The fund unit of Indian financial services firm Edelweiss Capital expects to launch its first product in July and aims to break into the top 10 firms by assets in three to five years, a top executive said on Monday.
"We are looking at a few fixed-income funds to start with," Rujan Panjwani, director of Edelweiss Asset Management, told Reuters in a telephone interview.
The firm, he said, had put in place a team of 90 people, including 12 on the investment management side, spread across 14 locations and would expand the product basket to about 10 funds in the first year of operation.
"For the first 12 months we don't necessarily have an AUM target... in the longer term, we should aim to be in the top-10," said Panjwani.
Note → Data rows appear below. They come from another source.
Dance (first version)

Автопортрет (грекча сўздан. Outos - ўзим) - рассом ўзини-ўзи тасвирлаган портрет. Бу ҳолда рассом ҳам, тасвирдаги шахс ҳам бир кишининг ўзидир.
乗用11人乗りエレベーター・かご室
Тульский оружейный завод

The firm said earlier on Monday it has received regulatory approval to launch mutual funds, marking its entry in an industry that has seen assets more than triple to 5.7 trillion rupees in the last three years, attracting global players.
While Morgan Stanley launched a fund after a gap of nearly 14 years in February, the fund arm of the world's top insurer American International Group Inc and JPMorgan launched their Indian fund operations last year.
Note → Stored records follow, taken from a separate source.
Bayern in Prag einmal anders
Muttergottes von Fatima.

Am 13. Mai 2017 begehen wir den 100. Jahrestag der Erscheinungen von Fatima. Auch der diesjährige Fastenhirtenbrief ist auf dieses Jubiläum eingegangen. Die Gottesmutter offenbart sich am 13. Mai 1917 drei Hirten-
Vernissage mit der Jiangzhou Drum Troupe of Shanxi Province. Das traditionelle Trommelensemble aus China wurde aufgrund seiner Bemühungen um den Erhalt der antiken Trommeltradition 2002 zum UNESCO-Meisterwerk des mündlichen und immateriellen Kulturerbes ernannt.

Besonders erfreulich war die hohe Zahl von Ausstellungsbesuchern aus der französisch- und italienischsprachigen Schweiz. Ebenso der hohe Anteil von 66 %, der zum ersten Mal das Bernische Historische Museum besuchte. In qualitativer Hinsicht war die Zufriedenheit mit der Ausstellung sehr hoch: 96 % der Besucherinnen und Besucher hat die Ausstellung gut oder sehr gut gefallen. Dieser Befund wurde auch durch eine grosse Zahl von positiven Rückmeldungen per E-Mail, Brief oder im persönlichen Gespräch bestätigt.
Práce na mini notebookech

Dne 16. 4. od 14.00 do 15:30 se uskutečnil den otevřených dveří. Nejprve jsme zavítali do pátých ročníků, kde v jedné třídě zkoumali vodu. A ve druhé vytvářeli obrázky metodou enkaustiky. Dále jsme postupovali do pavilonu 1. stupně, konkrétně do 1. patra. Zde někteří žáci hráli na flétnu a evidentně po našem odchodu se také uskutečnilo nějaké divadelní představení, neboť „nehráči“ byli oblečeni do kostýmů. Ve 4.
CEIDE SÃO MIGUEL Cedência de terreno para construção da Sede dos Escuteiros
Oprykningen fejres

At least six brokerages, including Edelweiss, are among the more than 20 players looking to break into the 33-member Indian fund industry, whose assets will more than triple to $520 billion by 2015, according to the Boston Consulting Group.
Players are tapping into rising savings as the economy booms and where double-digit salary hikes are common in sectors such as real estate, information technology and financial services.
"It's an extremely large opportunity given the current penetration levels of asset management products in India and we think that it has space for lots of people," Panjwani said.
McKinsey estimates top eight Indian cities account for three-quarters of the retail mutual fund assets, and local brokerages with a greater reach could bring in more investors.
"The retail segment will be the largest contributor to the growth of the asset management industry in India," it said, adding it expected 35-42 percent compounded annual growth over the next five years.
For many local brokerages which already offer portfolio management to wealthy clients, and have nation-wide networks, diversifying into the funds business is a natural move.
"It's a hugely untapped market and given the demographic profile in India, given the growth that we are witnessing in the country, it's a space likely to explode," Panjwani added.
Celent, a financial services consulting firm, expects 42 million households will become consumers of wealth management products in the next five years from 13 million now if the country maintains economic growth of 8 percent.
In a report released in December, Celent said India's wealth management space would see assets quadruple to about $1 trillion by 2012, channelling huge amount of money into financial sector and spurting demand for products giving access to the segment.
Shares in Edelweiss Capital rose 3.7 percent on Monday in a weak Mumbai stock market that shed 0.62 percent.